THC and CBD are both cannabinoids extracted from the cannabis plant. Different strains contain different ratios of these two cannabinoids. This is important recreationally as THC is responsible for the well-known “high” associated with marijuana. Medicinally, THC and CBD function differently. While they are both potential treatments for a range of diseases, their overlap is less than you’d expect.
THC is naturally found in rather low concentrations. More commonly, it’s found in the raw cannabis plant as THCV, and through heating converts into THC. THC affects the cannabinoid 1 receptor, in our body. When it interacts with the receptors in your endocannabinoid system, it alters the release of different chemicals in your body. The dopamine release that’s triggered by THC is one of the causes of the “high”.
In high doses, THC affects your feeling of pleasure, thinking, concentration and other sensory organs. It can also result in anxiety or elation. THC is the compound that made marijuana an illicit drug by the Food and Drug Administration. Although psychoactive, the use of THC-derived products is still popular with recreational users and even for patients that suffer in some severe disease. There are plenty of reasons why THC can be used for medical purposes.
In smaller doses, however, THC has been used as an anti-inflammatory, for treating ADHD, and a plethora of other conditions. It’s recognised as an antiemetic treatment that is often used alongside chemotherapy to reduce nausea and vomiting. It’s been shown to be effective as an appetite controller (and has been marketed as a pharmaceutical to do so). Additionally, it has gained interest as a potential therapy for spasms, arthritis, pain, epilepsy, and many more. Dosage is everything.

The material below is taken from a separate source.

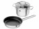 W zestawie znajduje się garnek z pokrywką 1,5 l i patelnia płytka z powłoką nieprzywierającą

There is another compound that was discovered alongside THC, and it is called CBD. CBD or cannabidiol is the counterpart of THC, CBD does not contain any psychotic effects to your body. CBD has an antipsychotic effect and it provides some function in the prevention of the psychoactive effects of THC. CBD also has anti-inflammatory properties and there’s evidence that says it can also help with managing the pain of other medical conditions. However, the way it works in your body is different.
Just like THC, CBD also interacts with the endocannabinoid system (ECS) receptors. The ECS has two receptors known as CB1 and CB2. CB1 is generally located around the central nervous system. CB2, however, is more prevalent in the immune system and the peripheral nervous systems.
CBD research has identified possible usage in treating chronic pain and even sexually transmitted diseases. CBD can reduce inflammation of problems like a migraine, muscle spasm, arthritis and even reduce the outbreaks of herpes virus. It also has shown potential for killing cancer cells and decreasing blood pressure. CBD can be bought in a variety of products such as creams, lotions, oils, tincture, edibles, and concentrates. CBD is approved for use in many states and dispensaries as it’s strongly supported by science and seems to lack serious side-effects.
There are still some minor side effects to be wary of. CBD can cause dry mouth for those patients that use CBD in treatment. Though staying hydrated solves this without much hassle. However, for Parkinson’s patients, a high dose of CBD can sometimes result in increased tremor. High doses of CBD can also lower a user blood pressure resulting in drowsiness and lightheadedness. And lastly, it can also inhibit the metabolism of some hepatic drugs. It’s always important to check for drug interactions if you take any new drug with existing medication.